**Assignment**
Please restate the listing word for word, omitting the images.

**Material provided**
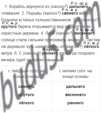 2. Выпишите отдельно прилагательные с твёрдым и мягким согласным на конце основы. Наблюдайте на этих примерах за окончаниями родительного и винительного падежей.
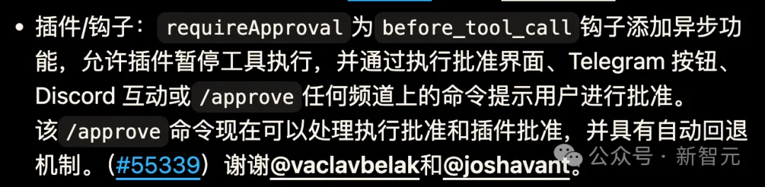 最夸张的,是插件系统加入了一个叫 requireApproval 的异步拦截功能。
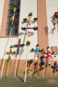Foto: Gisela Albrecht»Es ist ein schöner Brauch, den Gottesdienst draußen zu beginnen«, sagte Pfarrer Gerner in seiner Begrüßung auf dem Kirchplatz. Die Palmen seien ein Zeichen für das Leben und die Hoffnung. »Da, wo ich herkomme, gibt es diese großen Palmen nicht. Sondern nur kleine Palmbüschel.« Es habe ihn fasziniert, hier diese großen Palmstöcke zu sehen. Gerne übernahm er die Aufgabe, die großen Palmen an der Kirchenwand, die Palmstöcke der Kommunionkinder und die kleinen Palmbüschel in den Händen der Gemeindemitglieder auf dem Kirchplatz zu segnen.

**Your response**
 2. Выпишите отдельно прилагательные с твёрдым и мягким согласным на конце основы. Наблюдайте на этих примерах за окончаниями родительного и винительного падежей.
 最夸张的,是插件系统加入了一个叫 requireApproval 的异步拦截功能。
Foto: Gisela Albrecht»Es ist ein schöner Brauch, den Gottesdienst draußen zu beginnen«, sagte Pfarrer Gerner in seiner Begrüßung auf dem Kirchplatz. Die Palmen seien ein Zeichen für das Leben und die Hoffnung. »Da, wo ich herkomme, gibt es diese großen Palmen nicht. Sondern nur kleine Palmbüschel.« Es habe ihn fasziniert, hier diese großen Palmstöcke zu sehen. Gerne übernahm er die Aufgabe, die großen Palmen an der Kirchenwand, die Palmstöcke der Kommunionkinder und die kleinen Palmbüschel in den Händen der Gemeindemitglieder auf dem Kirchplatz zu segnen.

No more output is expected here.